3) I was thinking of trying to find a small tray to fit under his wheel and just switch over to using that as a litter box. It seems like that's a pretty popular set up with the saucer/bucket wheels. Do any of you use that strategy? Do the hedgies actually go there, or does it merely catch the poo that flings off the wheel as they run around at night?

Thanks!


----------



## moxieberry (Nov 30, 2011)

Litter training hedgehogs isn't really "training" at all - it's more like taking advantage of things they'll do anyway. The vast majority of hedgehogs will 1. poop and pee while running on the wheel, and 2. avoid doing their business where they sleep. With that in mind, some strategic positioning of the tray goes a long way. Put it under the wheel, and put it (plus the wheel) at the opposite end of the cage from where the primary sleeping spot is - or if you find that your hedgehog has a preferred area for pooping, use that as a guide. You'll want something to catch the runoff from the wheel anyway, and there's going to be a natural accumulation at the wheel, which is much the same as the idea of relocating droppings to try to "teach" them where to go.

Babies are messy, and they poop a lot. The cages of babies are definitely more messy and need to be cleaned more often. It's a phase - you'll definitely see the mess decrease as your hedgehog gets older. How consistently they use a litter tray or how often they leave wayward poops elsewhere in the cage will depend entirely on the individual hedgehog - they can range from neat freaks to complete slobs. But, for a typical hedgehog, you should be able to get to the point where they use the litter tray 80-90% of the time.

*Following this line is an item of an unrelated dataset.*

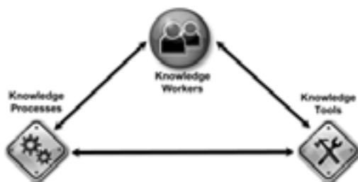
Figure 1. Elements of knowledge management

wide range of factors affecting the creation, sharing, transfer, and acquisition of knowledge. These factors center around three basic knowledge entities - knowledge workers, knowledge processes, and knowledge tools. The breadth of literature examines how these entities interrelate and are affected by variations in the operational environment. Existing research in knowledge tools focuses on specific attributes - technology, usability, or administration (Varghese, 2014).

For trays that go under the wheel, the two basic options are a tray that goes only under the "bucket" part of the wheel, positioned between the legs of the wheel stand, or a tray that goes under the whole wheel. I much prefer the second option. I find that a lot of my hedgehogs, when they do their business not while running, will do it behind the wheel or around the legs of it, so having a tray under the whole thing works a lot better. The ones I make look like this:










For the litter, it's fine if it's just anointing. The rule of thumb for introducing something new like that is to monitor your hedgehog closely for the first few hours. If you see repeated chewing on it without anointing, that's more likely actually consuming it, so the litter should be removed. I just use washable liners for my trays, but I know Yesterday's News and Carefresh are among the common litter choices.


----------



## MaxQ (Dec 17, 2012)

Thanks moxieberry!

It looks like he was just anointing himself with the new stuff. It did have a very strong smell coming out of the bag, so I'm not really surprised. I haven't seen him go for it since that first time. I've changed the set-up around a little bit so that the litter tray is under the wheel and I'm already liking that much better. His cage is a little on the small side and the old litter pan took up almost 1/4-1/3 of the floor space. Max seems to approve of this new arrangement as well, now he can push his toy car around more.


----------



## shkwade (Dec 19, 2012)

If you decide eventually that you want to put a smaller litter pan in Max's cage I just use paper towel as litter. At first my hedgehog kept pulling it out of the litter box and then doing his business. I'm not sure what that was all about. Anyway I started picking up his poops and putting them in his litter box ontop of the paper towel. This seemed to work a small miracle because now Henry always uses his litter box. I hope this helps!


----------